La Cienaga (Martel, 2001)


Through the relentless use of constricting ambient sounds, Lucrecia Martel creates a smothering atmosphere in the opening sequence of La Cienaga (The Swamp), beginning a long and winding road toward a particularly devastating sudden death. But Martel’s emphasis obviously lies in the process of suffocation, symbolized by a dead cow stuck in an ocean of mud, a stagnant pool cloudy with dirt and grime, and the countless interior shots of people lounging, sweating, and sleeping away time. La Cienaga charts the long summer days of one wealthy Argentine family anchored in quicksand by an alcoholic matriarch and an almost inconsequential male presence.
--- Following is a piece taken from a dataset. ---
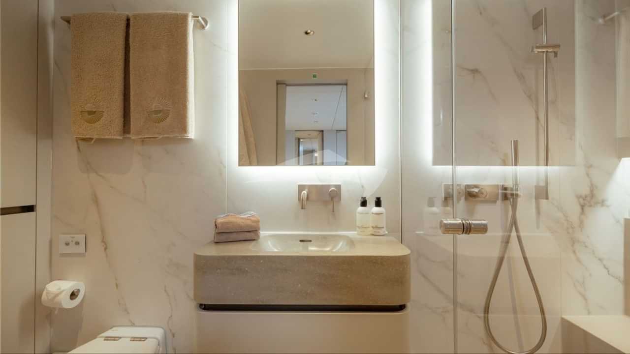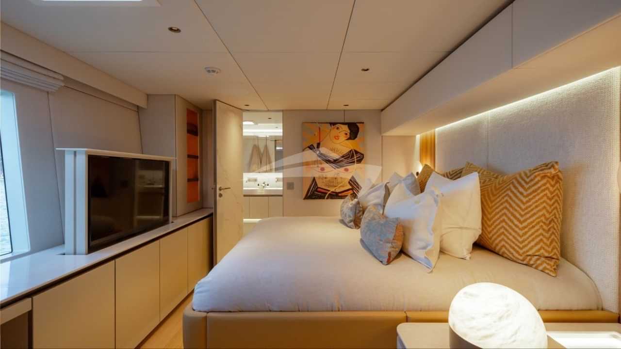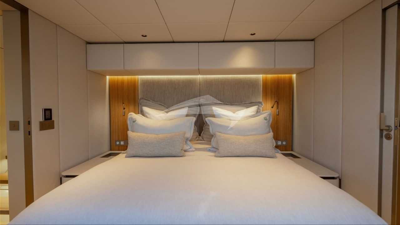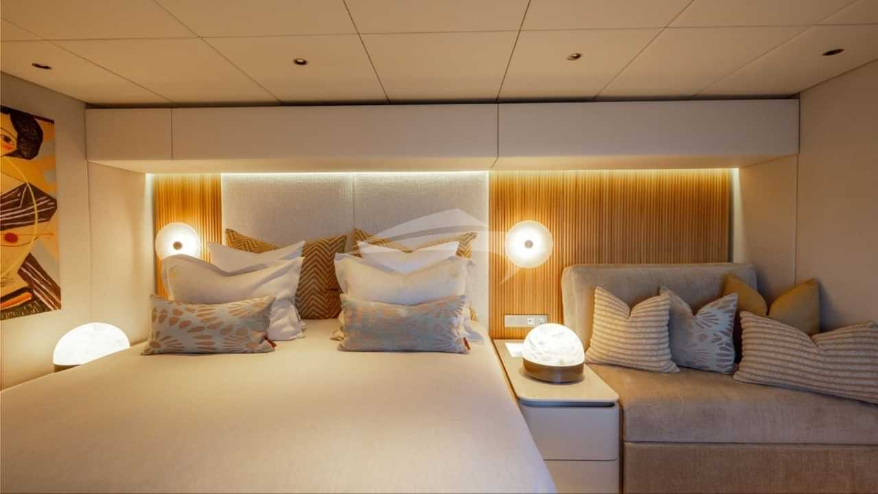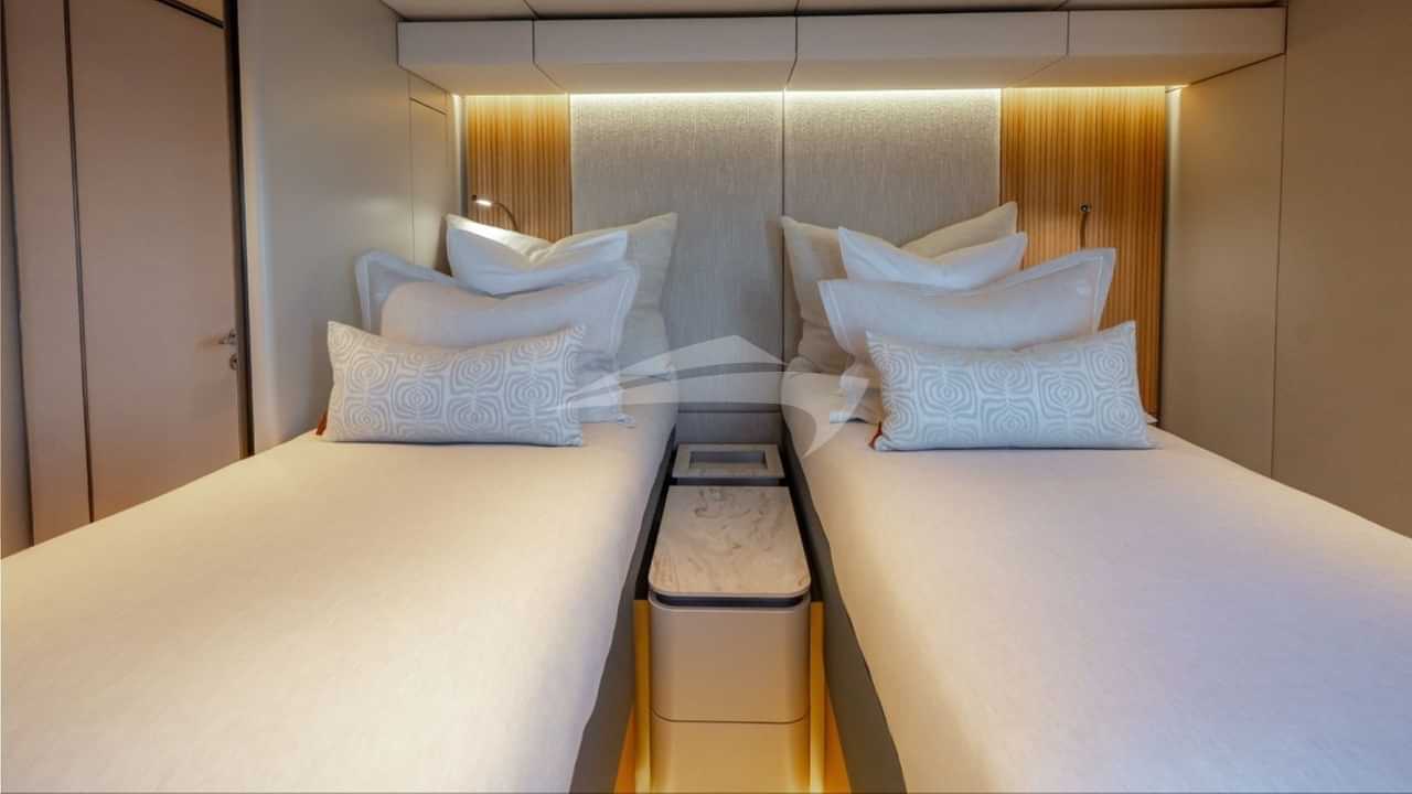 Les cabines d'hôtes comprennent une suite principale avec un lit king-size et une salle de bains privative, une suite VIP avec un lit double et une salle de bains privative et 2 cabines avec un lit double et une salle de bains privative.
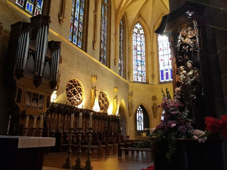 The current Gothic collegiate church was rebuilt between 1235 and 1365. The use of Vosges sandstone in warm tones ranging from light yellow to violet gives the church all its beauty. The building was never fully completed, as the originally planned north tower is still missing.

Martel offsets this brood with a working class parallel, a family who comes from the city to spend time at their friend’s countryside villa, one flanked by endless foliage-topped mountains and swamps. La Cienaga visualizes some damning social critiques, the centerpiece being an obvious tension between the lighter skinned upper class the the darker toned “Indians” on the fringes of every scene. These conflicts often break out suddenly, leaving the viewer to piece together the altercations during the submerged moments of solace after the fact. Even though her style seems at first heavy-handed, Martel is an obvious talent, someone eagerly committed to challenging the realms of cinematic sound and space and their direct relationship to character.